This exact thought popped into my head this morning.
Talk about PI.TY. PAR.TY.
Yeah, I had a little one.
This thought flooded my mind and actually brought out some real raw emotion I didn't even know I had. Way to start the day on a high note, Mama Belle.
I had no idea I had some leftover, immature insecurity in there. I'm over 40, people. Ain't nobody my age got time to be messin' with that!
But, unfortunately, insecurity can linger at any age. Even when we thought we were over it.
Typically, I'm pretty secure (knock on wood) ... but there are those moments where I just wanna stab somebody in the eye when they say or do something that makes me question myself (or even someone else question themselves because I'm sensitive to stuff like that). I know! I know! I shouldn't want to stab someone in the eye ... it's not the Christian thing to do ... and "nobody can make you feel insecure" .. "only you can make yourself feel insecure" ... yeah, yeah ... yada, yada, yada.
But, let's get real: Some people naturally bring out your insecurities. You know it. And, so do I! I know it too well unfortunately. That's when you just try to avoid those people. At least, that's what I do.
Back to my lightbulb moment ...
Here's how crazy my mind works: (I'm sure there's someone who can sympathize with my patheticness ... not a word, but best describes this state)
I literally tried to pinpoint moments and events in my life where I was someone's first choice.
I thought of nothing. Not even in the areas of the things that I was good at. I got nothin'.
I thought ... "SURELY ... there's gotta be SOMEONE who's picked me first!"
Even my own husband was engaged before. Geez. (Sidenote ... so was I, but that's neither here nor there. We're talking about my insecurities, not his.)

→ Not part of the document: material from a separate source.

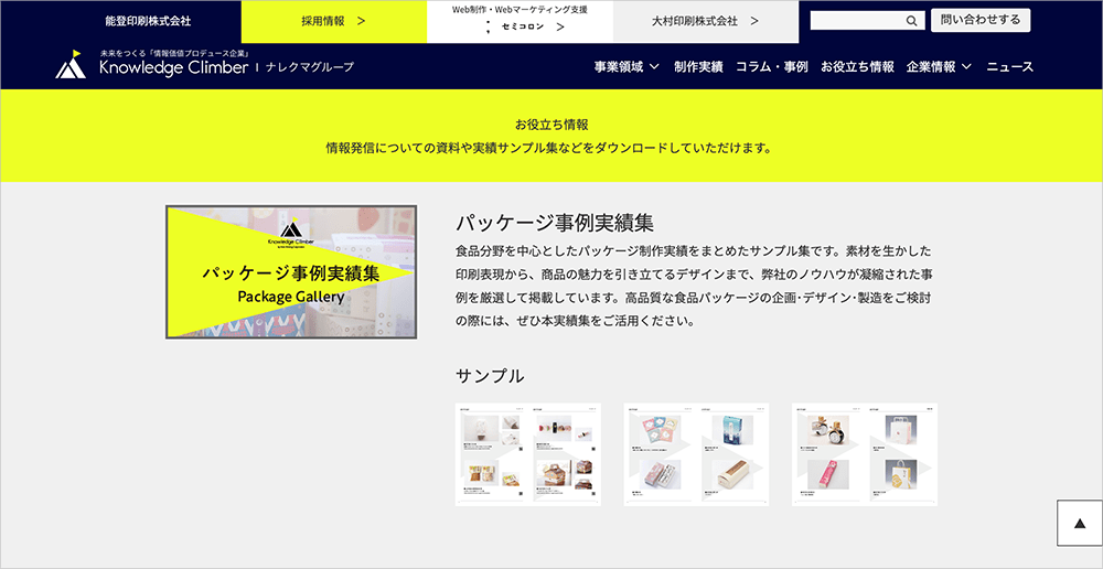 その「お役立ち情報」ページに新しい資料「パッケージ事例実績集」をアップいたしました。

As my brain was racing, to try and think of just ONE thing, ONE area, ONE moment when someone chose ME first, I heard the Holy Spirit whisper to my soul ... "You're my first choice."

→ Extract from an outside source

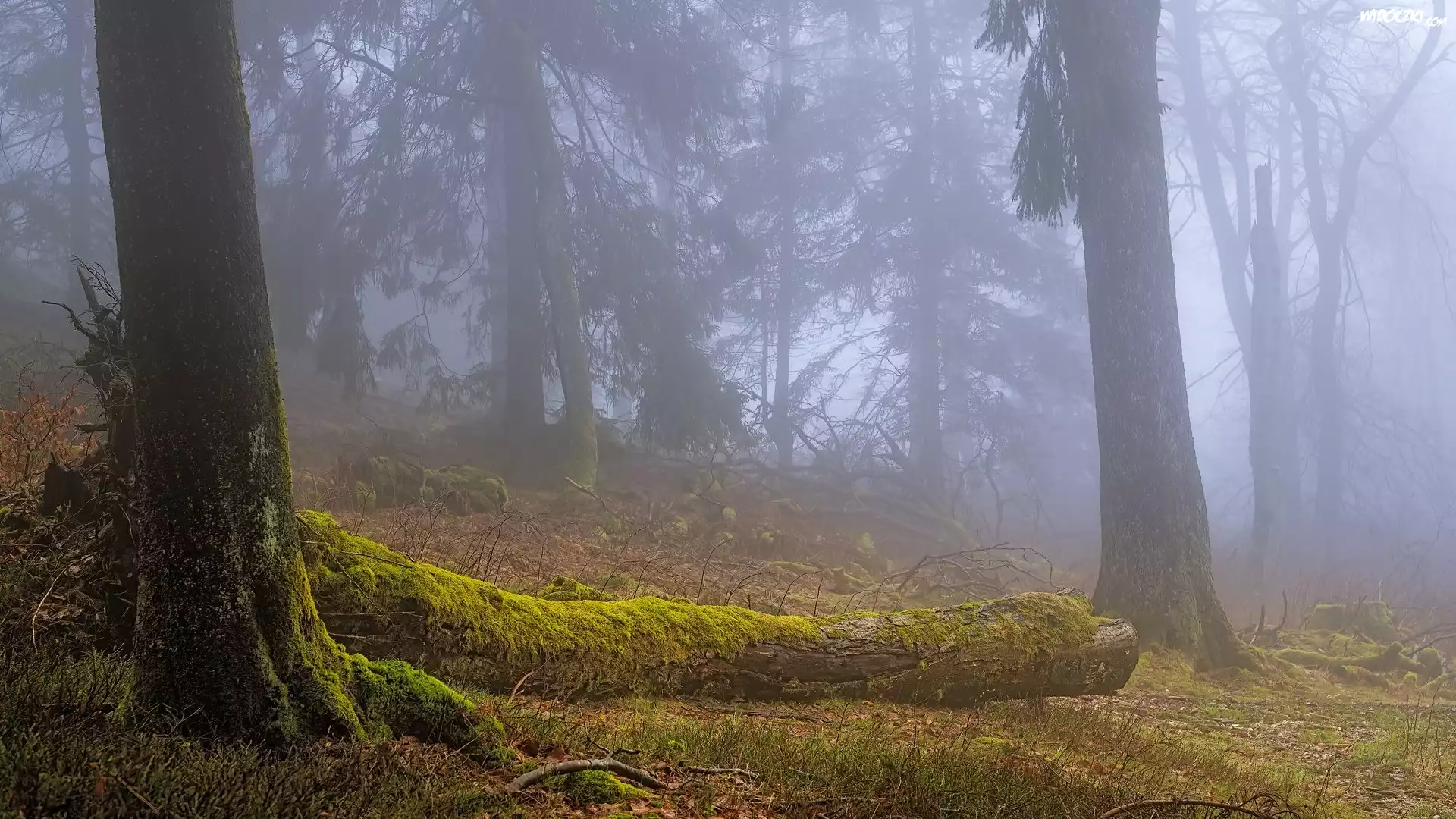 Zdjęcia, Las, Mgła, Omszałe, Pnie, Drzewa

That's when my heart became full and I cried.
I was overwhelmed by the love of God.
That's what should be important to me. That's what really matters. Who cares if someone else picks me first? Ultimately, their opinion doesn't matter. Only His does. And, He chooses me every time.
I am His first choice. Everything else is secondary. Everything. Even others' opinions or non-opinions of me. Even my concern about others' opinions of non-opinions of me.
Why? Because I know who I am. And, I know whose I am.
I've heard it said many times: "Keep the one thing, the one thing."
Jesus is my one thing. Living for Him is my one thing. In that one thing, everything else falls into place.
Thank you, Jesus, for loving me first.
What's even totally incomprehensible is that not only am I His first choice, so are you. CRAZY. And, AWESOME.